- Action of 15 August 1799: Part of Barbary–Portuguese conflicts
| Date | 15 August 1799 |
| Location | Mediterranean Sea |
| Result | Algerian victory |

Belligerents
- Regency of Algiers: Kingdom of Portugal

Commanders and leaders
- Haji Muhammad Tabah: Inácio P. Pinto (POW)

Strength
- 1 Gunboat 350 men: 1 Brigantine 3 Yachts

Casualties and losses
- Unknown: 1 brigantine captured 1 Yacht sunk/captured +70 men captured

= Action of 15 August 1799 =

The Action of 15 August 1799 was a naval engagement between the Portuguese and the Algerians. The Portuguese brigantine was sailing alongside merchant ships until intercepted by an Algerian ship. The brigantine and a merchant ship were captured by the Algerians.

==Background==
On 16 February 1799, under the command of Captain James Scarnichia, a flotilla consisting of a ship, a frigate, a corvette, and a brigantine, the Lebre Pequeno, set sail from Lisbon.
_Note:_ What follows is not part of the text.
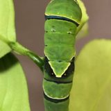 最近、Yahoo!知恵袋で「これは何の幼虫か」という質問があったので、「クロアゲハの2齢か3齢幼虫」と答えたら、正解は1齢幼虫だった(別の回答で判明)ということがありました。

This force provided convoy for several merchant ships heading to various ports in the Mediterranean Sea. In the month of March, the Portuguese naval force left Lisbon escorting 24 merchant ships of various nationalities, including Portuguese, English, and others. On March 29th, the navy arrived at Mahón, on the island of Menorca, and two weeks later, the frigate and the corvette sailed for Barcelona. Due to legal procedures imposed by the Spanish authorities, the brigantine was allowed to set sail on 15 August, providing convoy for three yachts.

==Action==
The Lebre Pequeno was armed with only 14 guns of caliber 4 and had a crew of 70 men. On the way to Barcelona, it was attacked by an Algerian gunboat with 34 guns of calibers 12 and 18, with a crew of 350 men, under the command of Rais Hadj Muhammad Tabah. The Lebre Pequeno was commanded by First Lieutenant Inácio Pereira Pinto. The Portuguese accepted battle to save the merchant vessels. Despite the strong resistance from the Portuguese ship, the superiority of the Algerians in all areas, including armament and crew training, ended in favor of the Algerians. The Lebre Pequeno ended up surrendering. The lieutenant was wounded, and all the crews were captured. One of the yachts of the convoy was sunk or captured, and its crew captured as well. The combat took place within sight of the fortress of Barcelona.

==Aftermath==
The captives of two ships were taken to Algiers, where they arrived on August 23, 1799. Arriving there, Pereira Pinto immediately sent a letter to the Spanish consul in that regency, complaining about the seizure made under the fortresses of Barcelona, with a notorious violation of the Law of Nations, “of the immunity and decorum of a friendly and allied nation, under whose protection he had taken refuge, in good faith and security of this law recognized by the nations.” The issue was brought to the Vekil Khradj—equivalent to the Minister of the Navy—who dismissed the rais and closed the case, while Spain, certainly out of bad conscience, authorized its consul to provide some financial aid to the captives who had been victims of the incident, aid used to provide for their food. In November 1804, Pereira Pinto managed to escape from captivity.